How can I denormalize a vector that has been normalized to get the original values prior to normalizing?

For example:

vec = [-0.5, -1.0, 0.0]
vec_length = sqrt(vec.x^2 + vec.y^2 + vec.z^2)
vec_normalized = [vec.x/vec_length, vec.y/vec_length, vec.z/vec_length]

yields:

vec_length = 1.11803
vec_normalized = [-0.447214,-0.894427,0]

How can I get the original vector [-0.5, -1.0, 0.0] from the normalized vector [-0.447214,-0.894427,0]?

Thanks!

You can't.
There are infinite number of vectors whose normalized form is [-0.447214, -0.894427, 0].

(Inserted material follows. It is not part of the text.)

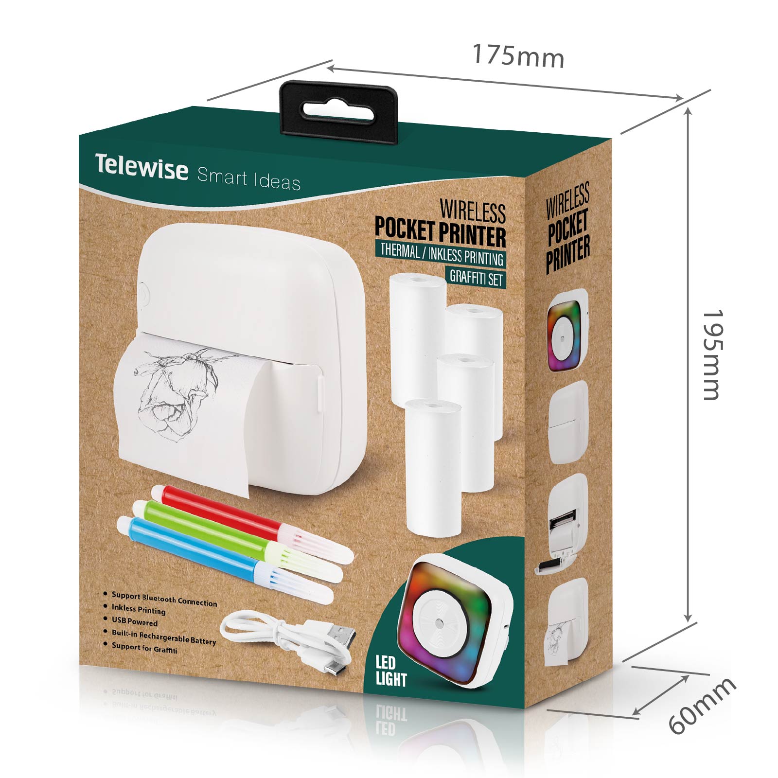 Wireless Pocket Printer Graffiti Set with Led Color Light

If you want a "nicer" form, you can try up-scaling to an arbitrary number, random example:

I want x to be -3:

scale = -3 / vec_normalized.x;
vec2 = [vec_normalized.x * scale, vec_normalized.y * scale, vec_normalized.z * scale];

result:

scale = 6.70819787
vec2 = [-3, -6, 0]

But be careful not to choose a component which is 0, because that would yield scale = infinity.

Recovery: The inverse of division is multiplication. Hence:

vec = [vec_normalized.x*vec_length,
       vec_normalized.y*vec_length,
       vec_normalized.z*vec_length]

If vec_length is unknown, you can not restore the original vector. Normalization can be seen as a lossy compression of direction+magnitude to just direction. There is an infinite number of vectors that map to a single normalized vector.

Mathematically, a function that maps multiple different input values to a single output value, is not invertible.

A nice property about normalized vectors is that if you want a specific magnitude f with that direction, you can just multiply your vector f, and know that it has length f.

Precision: However, note that this does not necessarily give you the original vector, but rather, in the general case, an approximation thereof. This is because of the finite precision with which floating point numbers are represented in memory. Consequently, the normalized vector in computing might not actually be the the exact normalized vector mathematically.